Pro Picks continues with the one of the brains behind The Grid’s Burger Week! (Although, as we all know, a burger is not a sandwich.) This guy knows his food, and knows what gets people excited:
Karon Liu just finished a delicious mahi-mahi sandwich from the Buster’s Sea Cove food truck for lunch so he’s rightfully prepared to talk about sandwiches. He’s The Grid’s staff food writer and has eaten many lovely sandwiches across Toronto from gas station Leslieville Pumps’ better-when-cold Veginator grilled Portobello sandwich to the classic veal at California Sandwiches.
Follow him on Twitter @karonliu to read his latest articles in The Grid, recipes for the home cook, and 140-character rants about how flip-flops outside of the beach or house are gross.

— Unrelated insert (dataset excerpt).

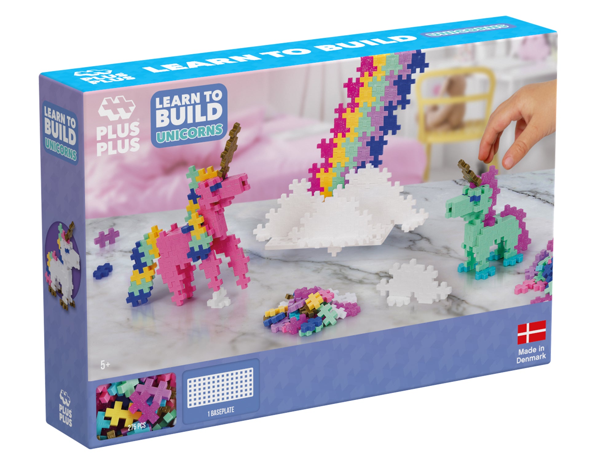 Invata sa construiesti Unicorni si nori cu Plus-Plus. Acest set vine cu 275 de piese si o placa de baza mica. Un ghid ofera instructiuni pas cu pas pentru a construi atat unicorni 3D, cat si 2D.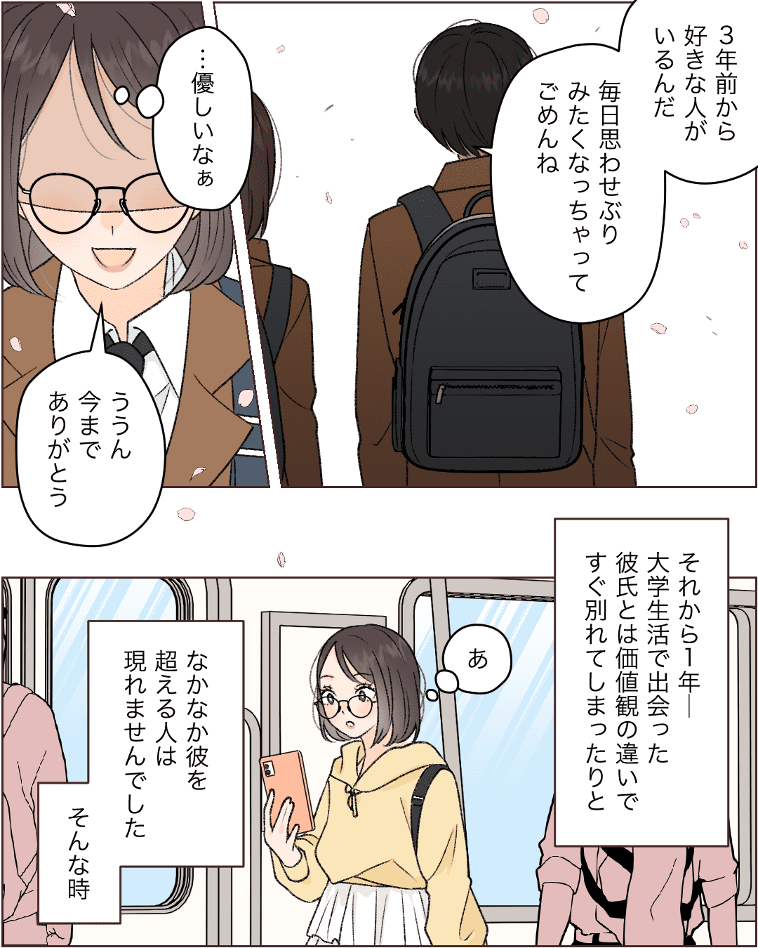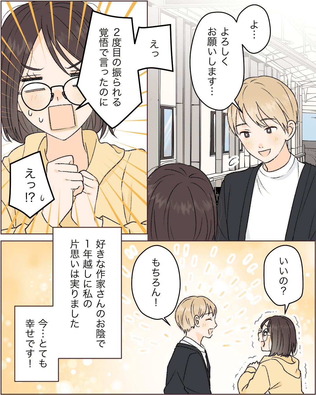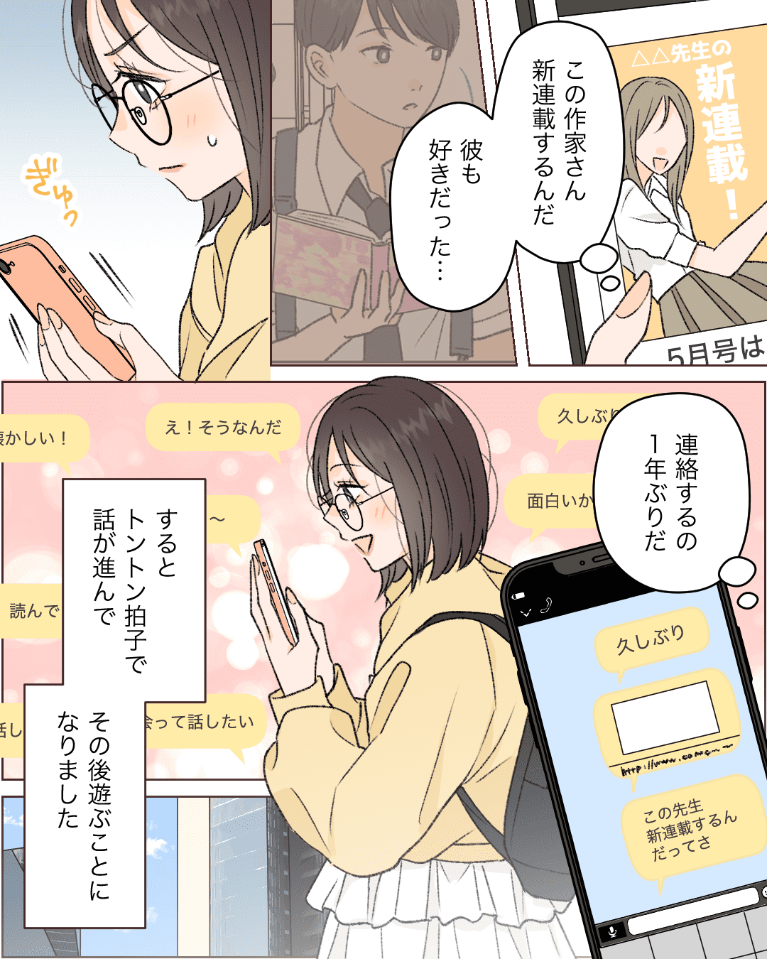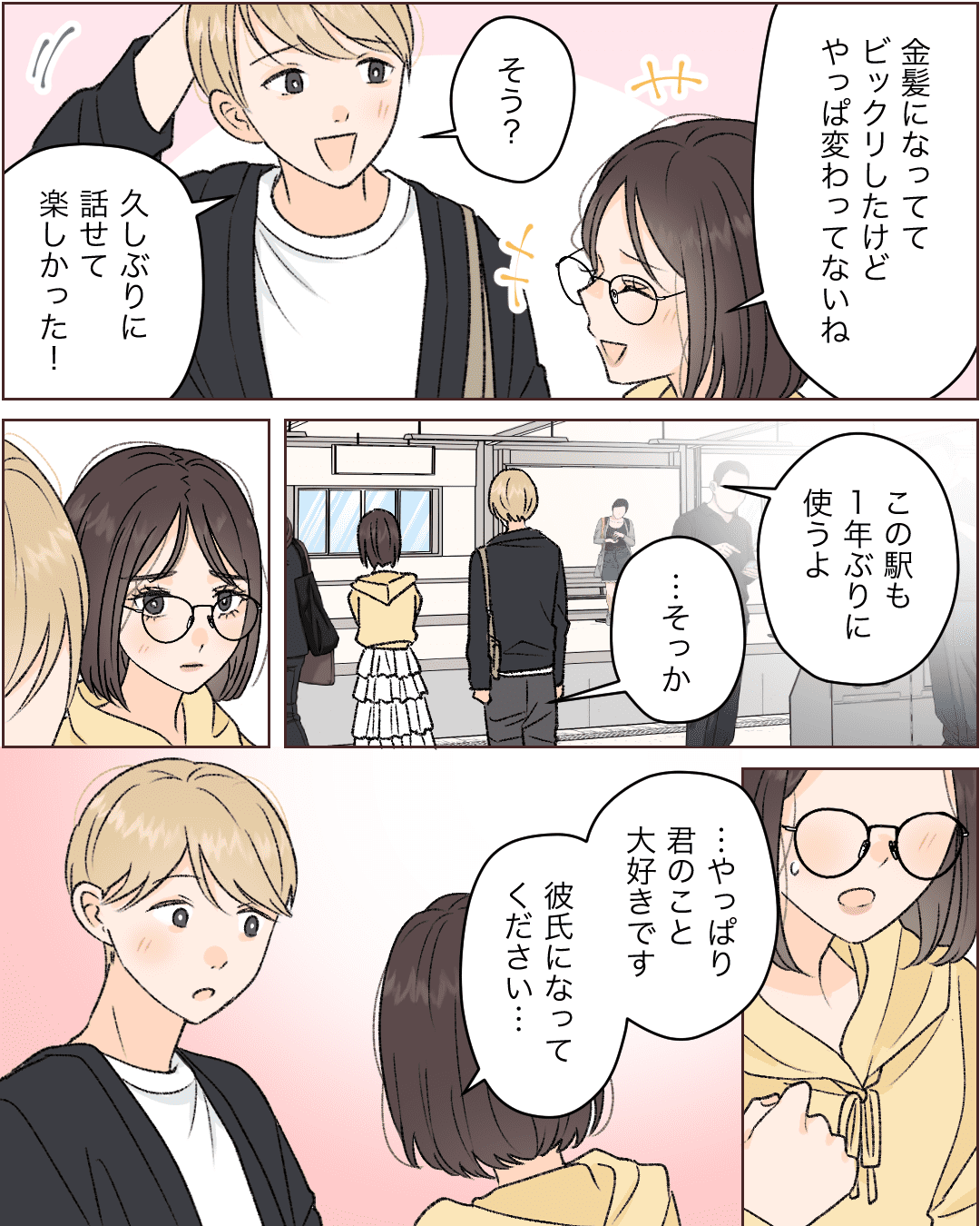 片思いが実った話【Lovely漫画】 オリジナル漫画 2024年5月1日 目次 振られてしまった高校時代を経て再び・・・ カンザキミナミさんの作品をもっと読む! カンザキミナミさんの作品一覧【Lovely漫画】 カンザキミナミさんの作品をおまとめしています! こちらのLovely漫画もおすすめ♡ 彼のジャージ【Lovely漫画】 大好きな彼が最近なんだか冷たい?そんなある日、半袖のジャージで寒がる私に気づいた彼は…©あんころもち/エピソード:ほっしぃ 6年振りの再会で彼と…【Lovely漫画】 中学生の時気になっていた彼と久しぶりの再会。二人でデートをするようになり、ある日の帰り道彼から…©どんぐり/エピソード:スマイル 今もずっとあなたを思ってます【Lovely漫画】 高校三年の試験で会った試験監督の新任の先生。この日から先生と仲良くする機会が増えた私は、次第に先生に惹かれていき…©倖/エピソード:りり 素直になれない両思い【Lovely漫画】 恋愛に奥手の人見知りな私。人気者のクラスメートに気に入られ、屋上で二人きりに…©あやたきくこ/エピソード:アリス ライター Lovely編集部 編集部レポや最新情報など皆さんの「知りたい」をお届け!よろしくお願いします♡ Related article / 関連記事 オリジナル漫画 メンヘラ彼氏にサヨナラ【Lovely漫画】 ©みんみ 2022年3月29日 オリジナル漫画 年下イケメン彼氏に翻弄されるオンナの毎日#3【Lovely漫画】 ©みんみ 2022年3月29日 オリジナル漫画 2人暮らしのゆる家事日記~気まぐれ旦那の献立作りの巻き~後編【Lovely漫画】 ©みんみ 2022年3月29日 オリジナル漫画 年下イケメン彼氏に翻弄されるオンナの毎日#1【Lovely漫画】 ©みんみ「初めての○○の話 前編」 2022年3月29日 オリジナル漫画 年下イケメン彼氏に翻弄されるオンナの毎日#2【Lovely漫画】 ©みんみ「初めての○○の話 後編」 2022年3月29日 1 2 オリジナル漫画 よかったらシェアしてね! URLをコピーしました! URLをコピーしました! 彼の中の彼女【Lovely漫画】 デートメイクの5つの方法をタイプ別紹介!ナチュラルがおすすめ?

What makes a great sandwich?
Everything in a sandwich has to be there for a reason, meaning all the ingredients have to go well with each other and add a certain texture or flavour that takes it to the next level. A PB&J sandwich is a perfect example. Peanut butter is great and all, but the addition of a sweet, tart strawberry jam really highlights the peanuts’ earthiness. Bacon in a BLT adds a heavy saltiness that livens the crisp, greenness of the lettuce while the tomato adds a meaty and soft texture to the bite.
Like any good dish, a sandwich should have multiple layers of tastes and consistencies to keep things interesting. Just remember to not go overboard with the fillings or else flavours will clash or get lost in the mix — not to mention the sandwich will fall apart on your lap.
It’s not a secret underground place, but I’ve gone to Porchetta and Co. at Bathurst and Euclid at least once every month ever since it opened in late 2010. Succulent, juicy, and garlicy roasted hunks porchetta on a soft bun topped with truffled mayo, hot sauce, mushrooms, mustard, and crackly bits of pig skin is my jam. It’s totally out of my way from work — it’s a good 40-minute trip just to get there — but it’s worth it. A few other places tried to get on the porchetta train after this tiny shop opened to much fanfare, but it just doesn’t compare to this place.
Porchetta and Co., 825 Dundas St. W., $6.45 (toppings 75 cents each).